● Material shown
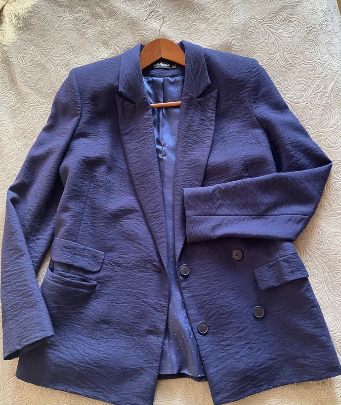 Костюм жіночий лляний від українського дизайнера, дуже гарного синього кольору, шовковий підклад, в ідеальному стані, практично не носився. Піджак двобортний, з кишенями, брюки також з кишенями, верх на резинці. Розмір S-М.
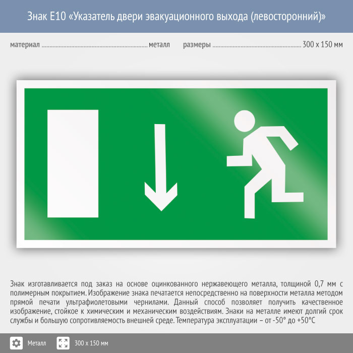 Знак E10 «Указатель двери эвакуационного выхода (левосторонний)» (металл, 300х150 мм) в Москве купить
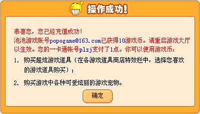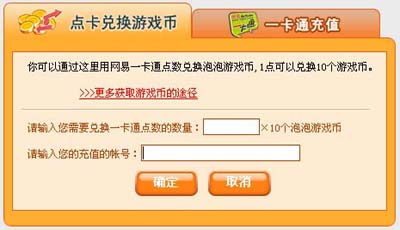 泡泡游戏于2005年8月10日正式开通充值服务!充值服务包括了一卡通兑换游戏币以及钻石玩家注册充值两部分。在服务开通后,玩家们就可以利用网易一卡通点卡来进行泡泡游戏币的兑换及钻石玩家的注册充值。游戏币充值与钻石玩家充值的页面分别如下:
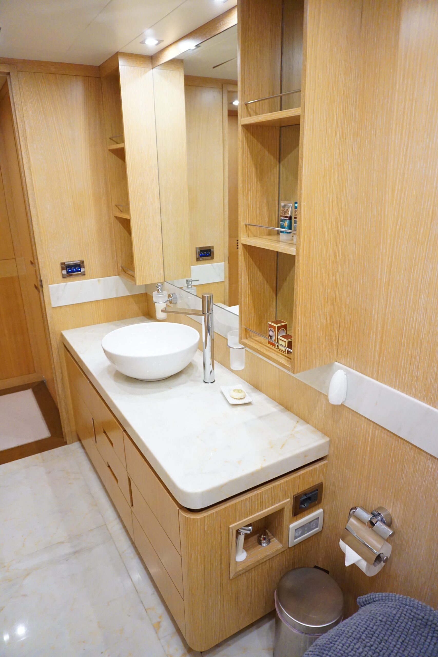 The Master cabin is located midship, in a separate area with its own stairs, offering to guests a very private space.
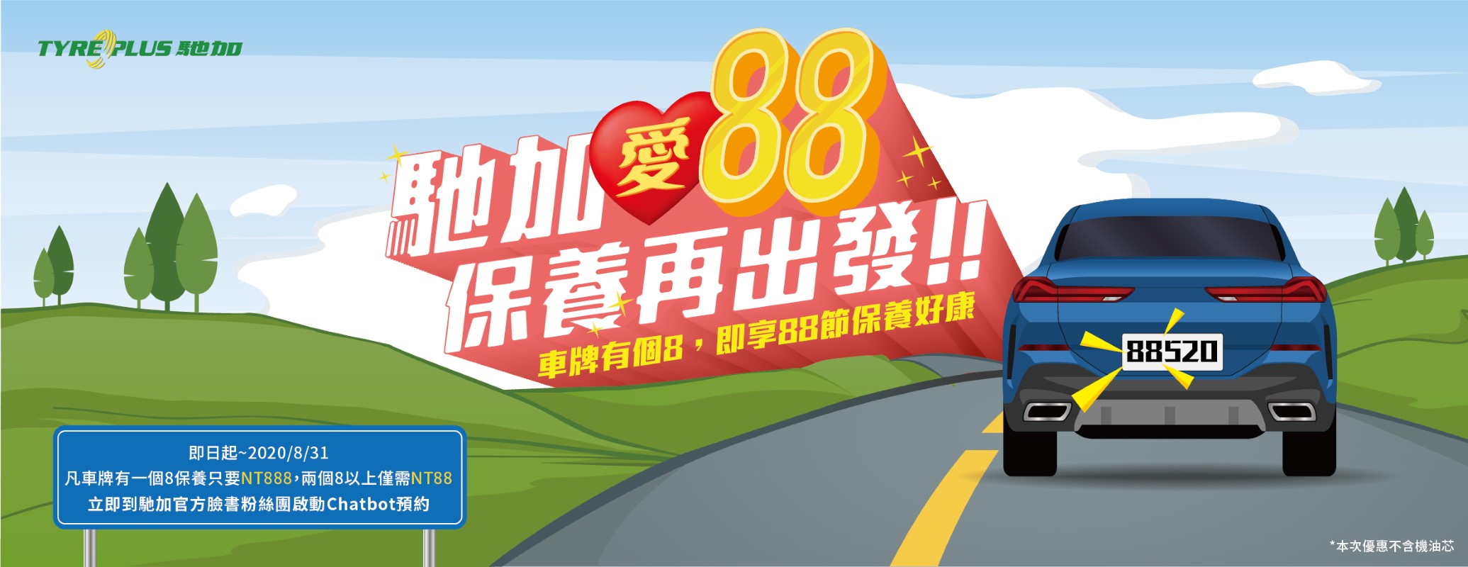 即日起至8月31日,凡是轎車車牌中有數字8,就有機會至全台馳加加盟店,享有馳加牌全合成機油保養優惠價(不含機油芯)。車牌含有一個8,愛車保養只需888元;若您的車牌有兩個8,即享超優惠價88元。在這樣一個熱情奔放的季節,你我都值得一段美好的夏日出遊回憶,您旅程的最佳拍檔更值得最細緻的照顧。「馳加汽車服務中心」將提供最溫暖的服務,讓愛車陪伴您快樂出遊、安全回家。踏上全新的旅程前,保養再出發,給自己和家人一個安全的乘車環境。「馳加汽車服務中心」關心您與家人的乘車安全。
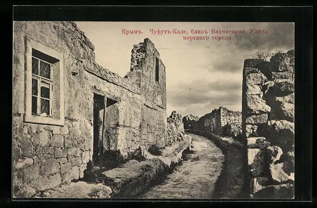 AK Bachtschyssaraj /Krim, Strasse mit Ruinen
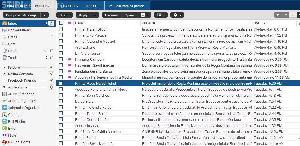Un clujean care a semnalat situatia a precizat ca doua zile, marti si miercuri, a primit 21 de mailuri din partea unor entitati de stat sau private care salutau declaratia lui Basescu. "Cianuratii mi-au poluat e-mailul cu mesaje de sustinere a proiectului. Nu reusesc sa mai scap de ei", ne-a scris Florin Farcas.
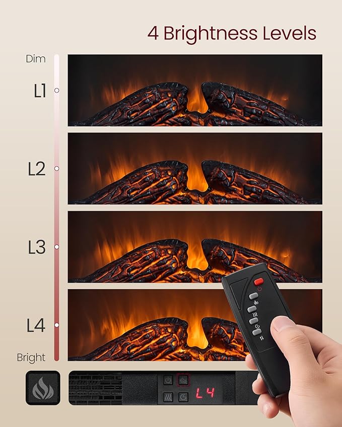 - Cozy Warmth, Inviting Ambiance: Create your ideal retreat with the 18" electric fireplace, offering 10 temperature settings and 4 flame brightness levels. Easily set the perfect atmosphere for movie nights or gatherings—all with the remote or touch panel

● Exercise brief
Output the listing above exactly as it stands; no picture should appear.

● Answer box
 Костюм жіночий лляний від українського дизайнера, дуже гарного синього кольору, шовковий підклад, в ідеальному стані, практично не носився. Піджак двобортний, з кишенями, брюки також з кишенями, верх на резинці. Розмір S-М.
 Знак E10 «Указатель двери эвакуационного выхода (левосторонний)» (металл, 300х150 мм) в Москве купить
 泡泡游戏于2005年8月10日正式开通充值服务!充值服务包括了一卡通兑换游戏币以及钻石玩家注册充值两部分。在服务开通后,玩家们就可以利用网易一卡通点卡来进行泡泡游戏币的兑换及钻石玩家的注册充值。游戏币充值与钻石玩家充值的页面分别如下:
 The Master cabin is located midship, in a separate area with its own stairs, offering to guests a very private space.
 即日起至8月31日,凡是轎車車牌中有數字8,就有機會至全台馳加加盟店,享有馳加牌全合成機油保養優惠價(不含機油芯)。車牌含有一個8,愛車保養只需888元;若您的車牌有兩個8,即享超優惠價88元。在這樣一個熱情奔放的季節,你我都值得一段美好的夏日出遊回憶,您旅程的最佳拍檔更值得最細緻的照顧。「馳加汽車服務中心」將提供最溫暖的服務,讓愛車陪伴您快樂出遊、安全回家。踏上全新的旅程前,保養再出發,給自己和家人一個安全的乘車環境。「馳加汽車服務中心」關心您與家人的乘車安全。
 AK Bachtschyssaraj /Krim, Strasse mit Ruinen
Un clujean care a semnalat situatia a precizat ca doua zile, marti si miercuri, a primit 21 de mailuri din partea unor entitati de stat sau private care salutau declaratia lui Basescu. "Cianuratii mi-au poluat e-mailul cu mesaje de sustinere a proiectului. Nu reusesc sa mai scap de ei", ne-a scris Florin Farcas.
 - Cozy Warmth, Inviting Ambiance: Create your ideal retreat with the 18" electric fireplace, offering 10 temperature settings and 4 flame brightness levels. Easily set the perfect atmosphere for movie nights or gatherings—all with the remote or touch panel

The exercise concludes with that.